### PROBLEM DETAILS
Transcribe the lines exactly, beginning with the one that contains "Cafe Allegre Celebrating 30 Years" and ending with the final line of the records. Do not transcribe pictures.

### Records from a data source
== Segment start ==

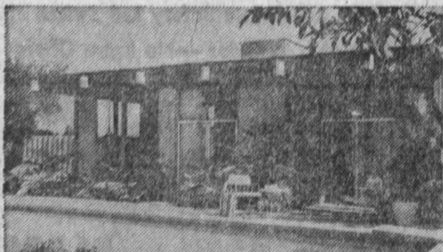
Exterior view of Encino Hills Model Home shows how effectively the architecture joins outdoors with indoors.

Marian Lee, builder of Encino Hills says, "BALANCED POWER is the common-sense approach to modern living in Southern California. It puts two powers to work—each one doing the jobs it does best. Electricity is provided for lighting, TV, and small appliances. Gas handles such important household jobs as cooking and year 'round air conditioning."
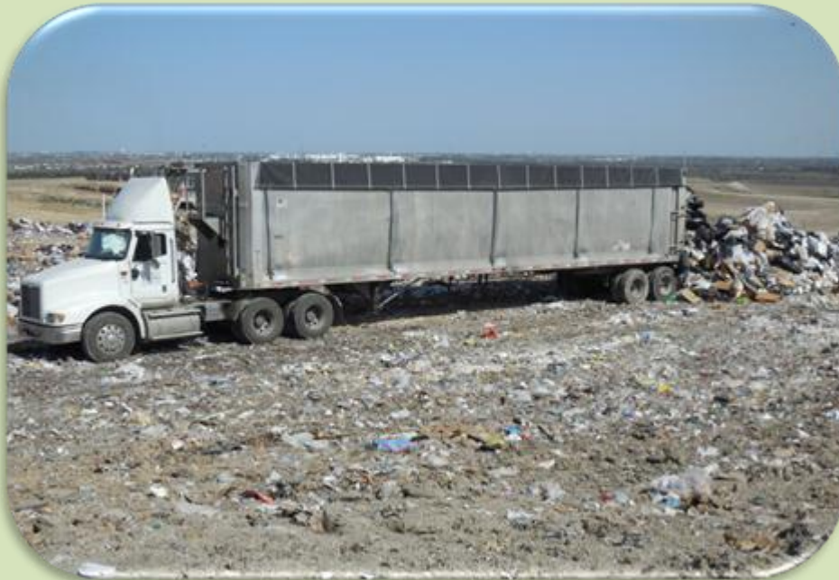
Sunset Farms Landfill
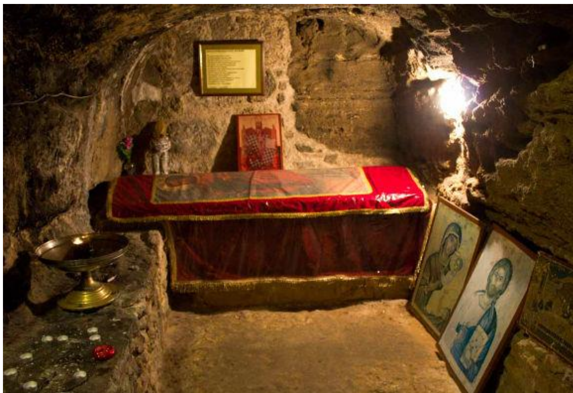
Sarcophagus of St Barnabas, Cyprus
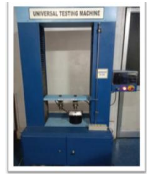
Figure 3: Universal testing machine
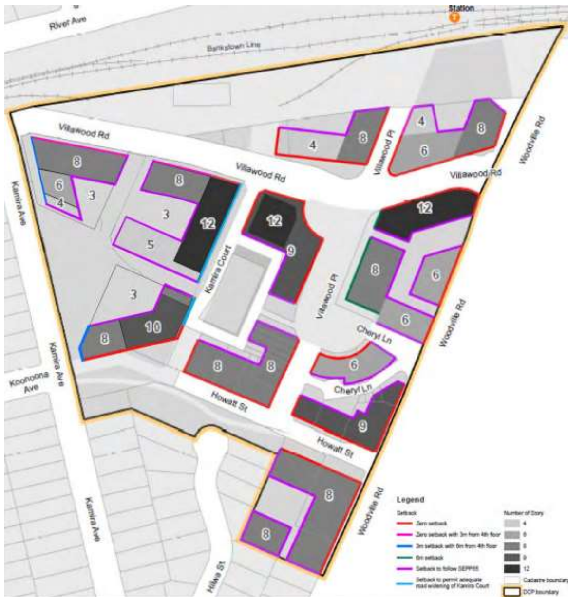
Figure 5. Villawood Town Centre - Setbacks
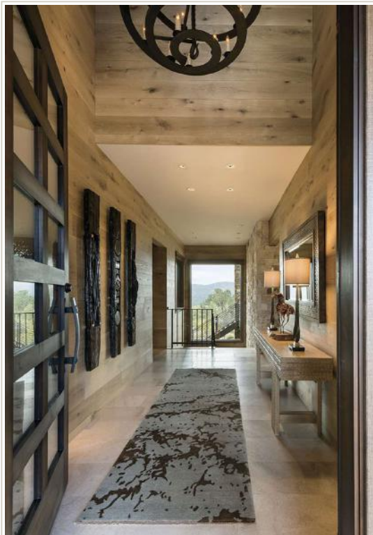
The home's entryway includes a view of surrounding hills and the San Francisco Peaks in Flagstaff. The stairs at the far end lead to the lower level, which includes the game room, bar, wine cellar and guest bedrooms.

For the interiors, Brooks set the stage with the flooring, using limestone with a brushed finish in the main floor's primary living spaces, such as the great room, kitchen and dining room, and reclaimed carbonized oak in the lower level, which includes a game room and walk-out deck. The homeowners chose to carpet only the bedrooms, adding an element of coziness for chilly winter nights.
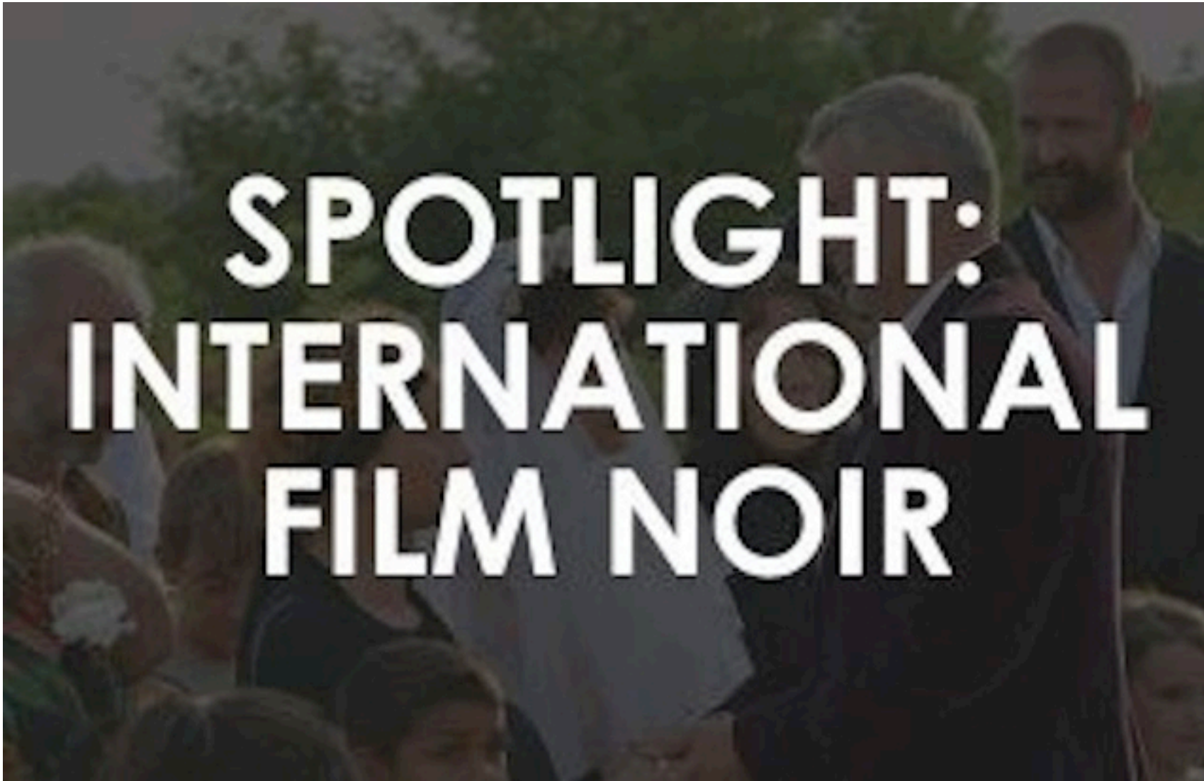
One of the Exciting Spotlights of the 53rd

If you have specific interests, the Film Festival can fulfill them. Take a deep breath, and indulge in International, New Directors and the Documentary Competitions. Partake in the U.S. Indies and extremely popular “After Dark” series. Get illuminated by the “Spotlight” category, honoring Architecture and International Film Noir. Engage in the Festival’s panorama on local “City & State” films, Black Perspectives, the LGBTQ+ Outlook Competition, the Cinemas of the Americas and the Short film programs, which encompass all of those subject categories in a more compact running time. Exhale.
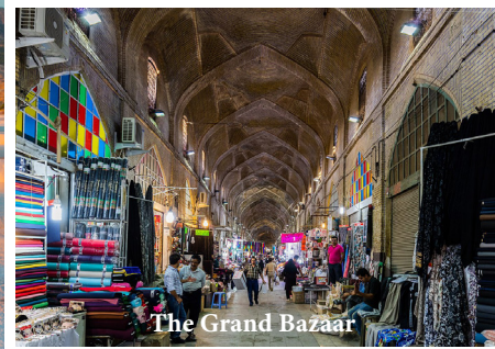
The Grand Bazaar

Fountain, the Temple of Adrian, the Celsus Library, and the Grand Theater of Ephesus! We will also visit the house of the Virgin Mary, where she spent her final days. Dinner and overnight accommodation will be at your hotel.
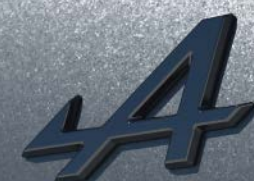
MATT TORNADO GREY
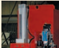
Devices for vertical and horizontal nozzle movements
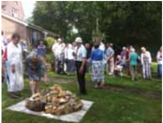
Folk gather around the cairn to lay their stones of thanksgiving
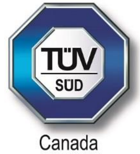
Exhibit: Label Location
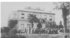
St Anthony's Home, Kew [title altered from original]
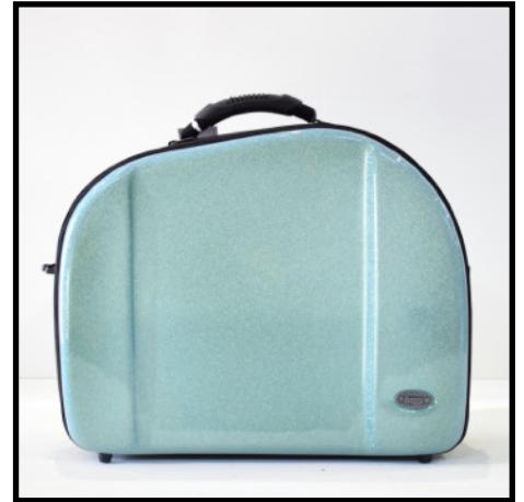
AZUL/VERDE - BLUE/GREEN BLEU/VERT - BLAU/GRÜN
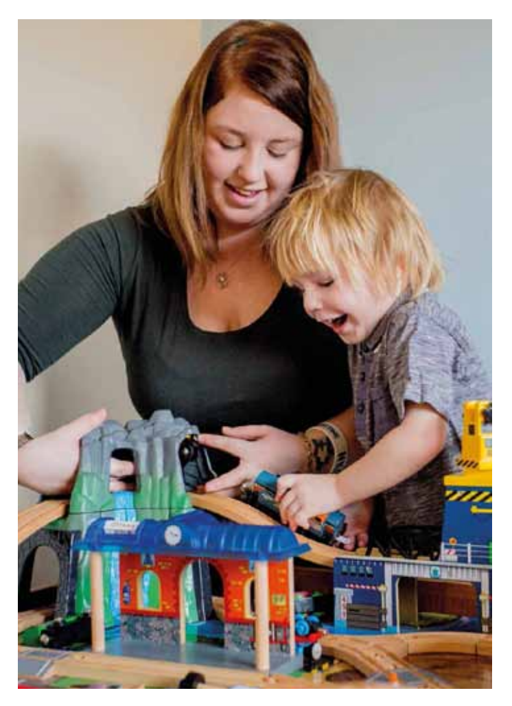
matter of priority, which would result in world-class educational benefits and reduce waste.

5. Adopt what is best in national policies in relation to changes in GCSE and A' Level, and adapt as appropriate to Northern Ireland, whilst ensuring students aren't disadvantaged when applying to mainland Universities.
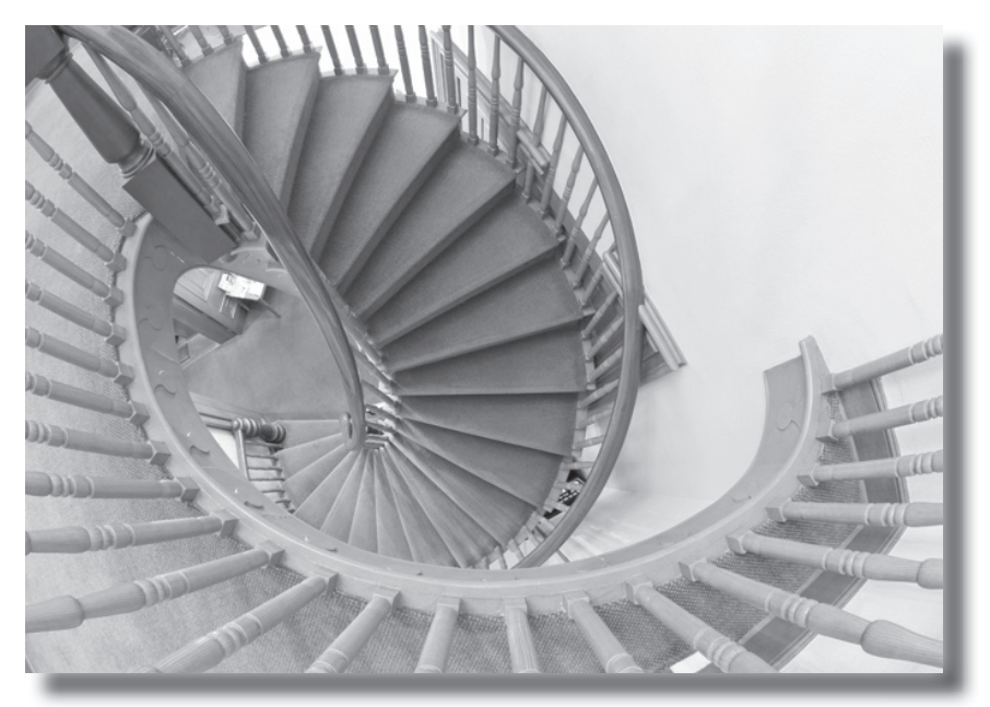
Interior view of the St. George Tabernacle's spiral staircase.

The renovations will not include remodeling, but repairing of the exterior, plastering, straightening the tower and balcony, adjusting the windows and shingling the roof.
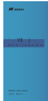
<:/S'òvÙ $ # ' 7
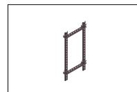
KT239 Kit DIN rail with magnetic support.
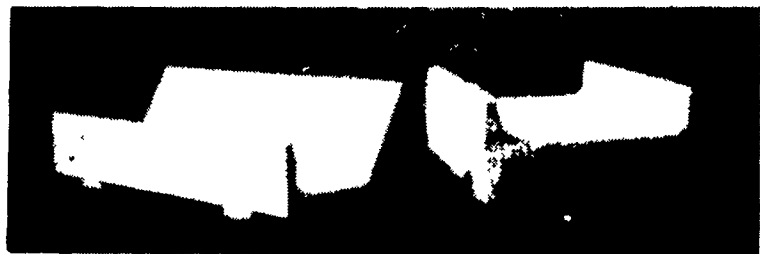
SLANT BACK J BUNK

You Spend A Lot Of Time And Money Producing And Storing Your Good Feed Crops. Don't Just "Get By" With A Feeding Bunk That Wastes Feed Or Is About Worn Out. Your Best Choice For A Feed Bunk Is Pre-Cast Concrete.
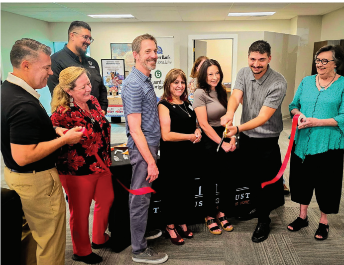
Bee City USA celebrates Earth Day at the Los Alamos Nature Center. | The Urban Trail Ribbon Cutting Ceremony was celebrated February 26, 2025. | County welcomes The Housing Trust to their new office space inside First National 1870.
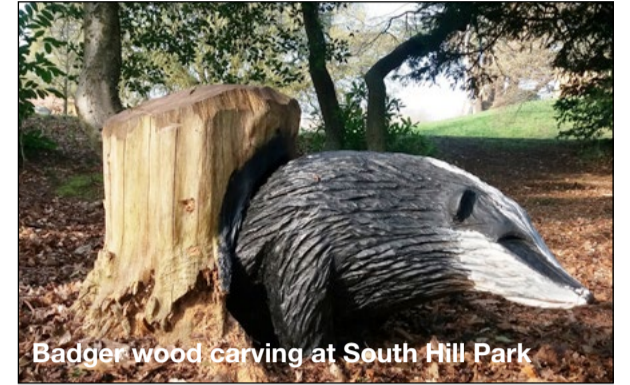
Badger wood carving at South Hill Park

Meet: Courtyard in front of SHP reception, South Hill Park, Ringmead, Bracknell, RG12 7PA.
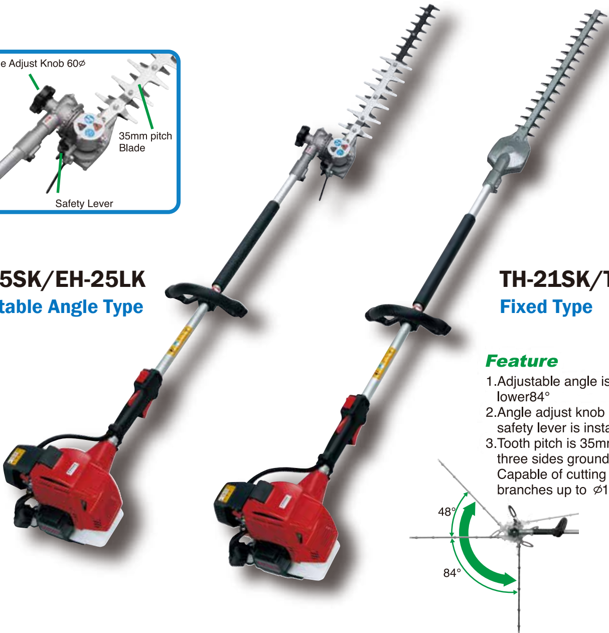
TH-21SK/TH-21LK Fixed Type
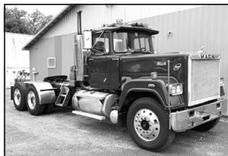
'88 Mack RW600 Superliner, Mack 237 eng., 9 spd., air ride, dual line wet kit, 11R24.5 new Firestone 663 rears, (6) pol. alum. rims, no cab rust, runs & drives great!! . . $28,500
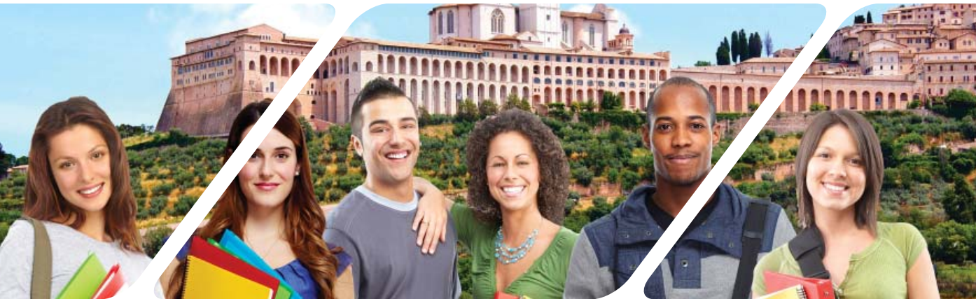
College pilgrims with Basilica of St. Francis in the background, Assisi
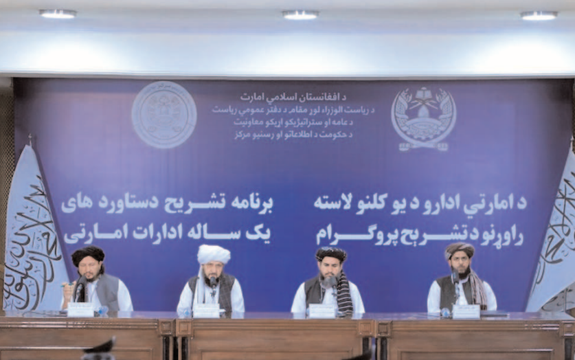
KABUL (Ariana News): In the past year, the Ministry of Mines and Petroleum has signed 13 large mining contracts worth $8 billion, officials said on Saturday. Addressing a press conference, officials said that 167 small-scale mining projects are ongoing with an investment of 10 billion afghanis. They emphasized that in the past year, the ministry conducted a new survey of

647 deposits in 28 provinces. Officials also announced that 1,700 emerald deposits have been surveyed and registered in Panjshir province, and 575 permits have been issued for its extraction, employing 15,000 people. According to them, in the past year, 78,000 carats of emeralds worth more than $5.5 million have been sold to local and foreign businessmen.
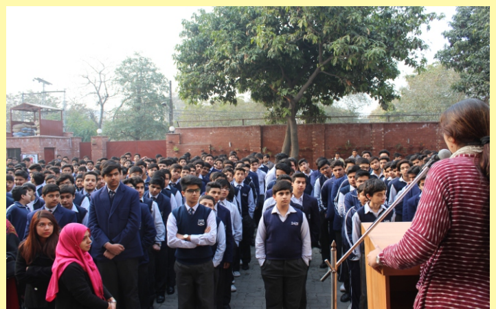
Cancer awareness lecture to The LGS Johar Town School students

“You are not just a drop in the ocean. You are the mighty ocean in the drop.” (Rumi)
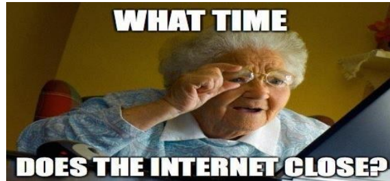
Figure 2: Meme from media

Even though the meme and the quatrain are simple, it questions a big community and also gives information about the quality of education to the critics. This is a best example to depict, ‘Literature through memes.’ Let’s take another example.
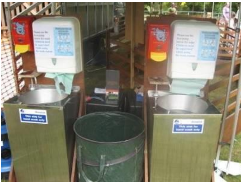
Left: An example of a hand wash station on mobile petting attraction. Soap, water, paper towels and bins are all provided.
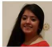
Harsimran Kaur Bhogal Photographer
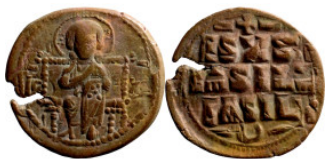
1038 Byzantine Empire coin 28mm 17,84g
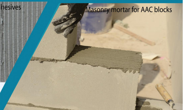
Masonry mortar for AAC blocks
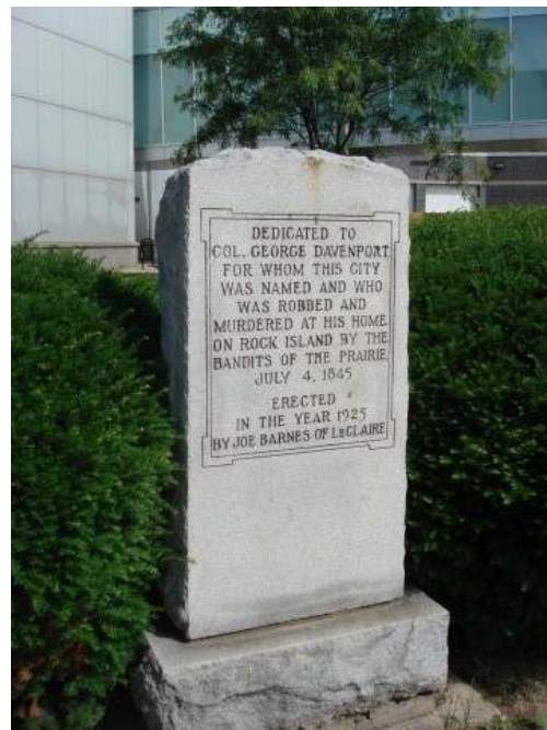
Figure 46: Sunday, June 26, 2011-17th Biennial AVA Convention Walks-Day 9. Today's walk started in Rock Island, Illinois and continued to Davenport, Iowa. Time to go home-lots of wonderful walks and memories!
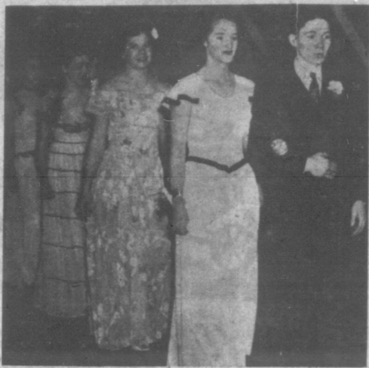
POWERS —The Senior Ball queen and her escort lead the formal procession at the start of the annual Powers high school formal dance. In a colorful and lovely march, the entire student body executed intricate marches throughout the high school gymnasium.
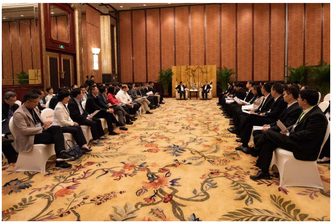
The Delegation meets with representatives of the Guangzhou Municipal Government to exchange views on cooperation opportunities between Guangzhou and Hong Kong in the Bay Area
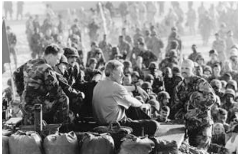
Visiting with the troops in Kuwait
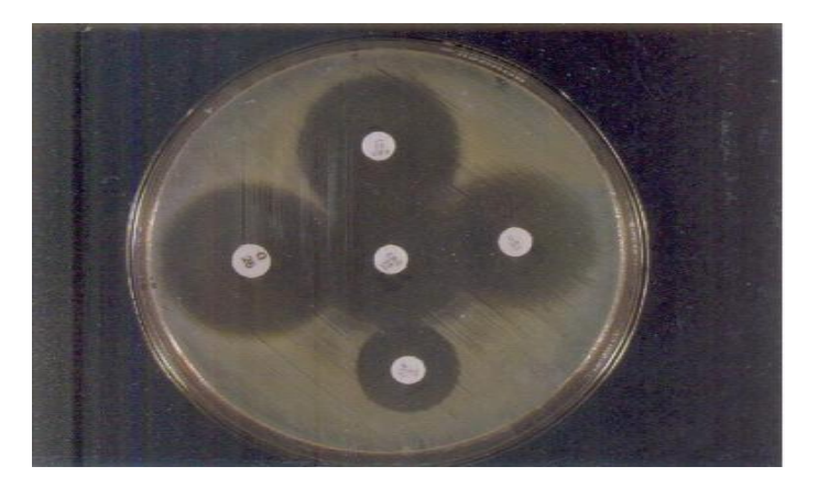
Figure 1. Kirby- Bauer method of sensitivity.
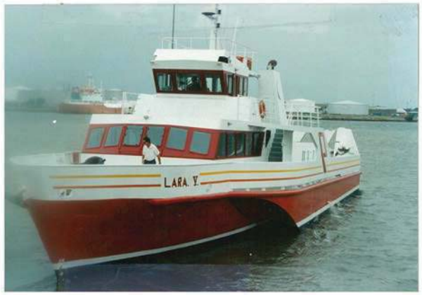
Figure 7 - LARA V, after alteration.

Without touching the vessel's engineering or electrical system, gull wings either side of the vessel were fabricated and attached. With buoyancy of the added shape equal to the weight added including a 5 metre SLV stern section, the vessel ended up carrying the required 65 tonnes as well as gaining another knot in speed.
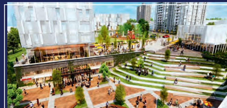
WESTPARK REDEVELOPMENT 41 units
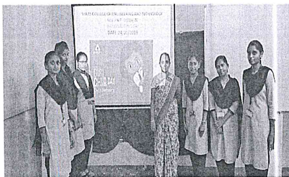
Photo on National Girls Day
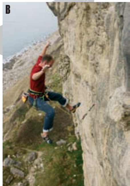
Photo B. Good in-flight body position! Note the climber has pushed away from the rock slightly to avoid getting scuffed and is using his arms to keep a stable, upright body position in the air.
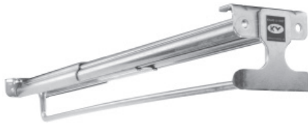
KV1 Sliding Clothing Carrier
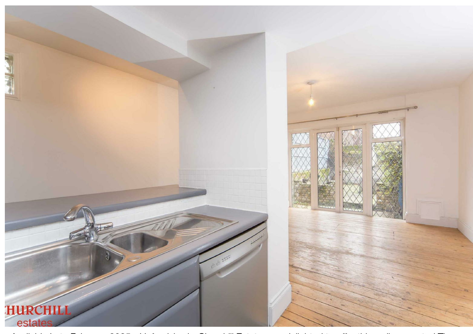
Available Late February 2025 - Unfurnished - Churchill Estates are delighted to offer this well-presented Three Double Bedroom Victorian End Terrace House located moments from the ever-popular Lloyd Park, with views overlooking the William Morris Gallery's manicured lawns and accessible to Walthamstow Central Station & Local Bus/Cycle Routes.

The property has been fully decorated throughout & has accommodation arranged over three floors with the master bedroom boasting a superb en suite shower room in the converted loft space, two double bedrooms and modern first floor bathroom on the first floor and living room, modern kitchen open to dining area and access to private garden on the ground floor.
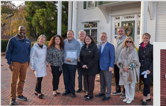
Cafe Allegre Celebrating 30 Years
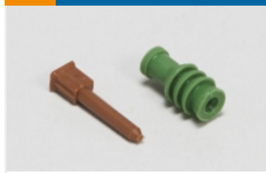
Automotive Seals & Cavity Plugs(10)

== Segment end ==

### RESPONSE AREA
Cafe Allegre Celebrating 30 Years
Automotive Seals & Cavity Plugs(10)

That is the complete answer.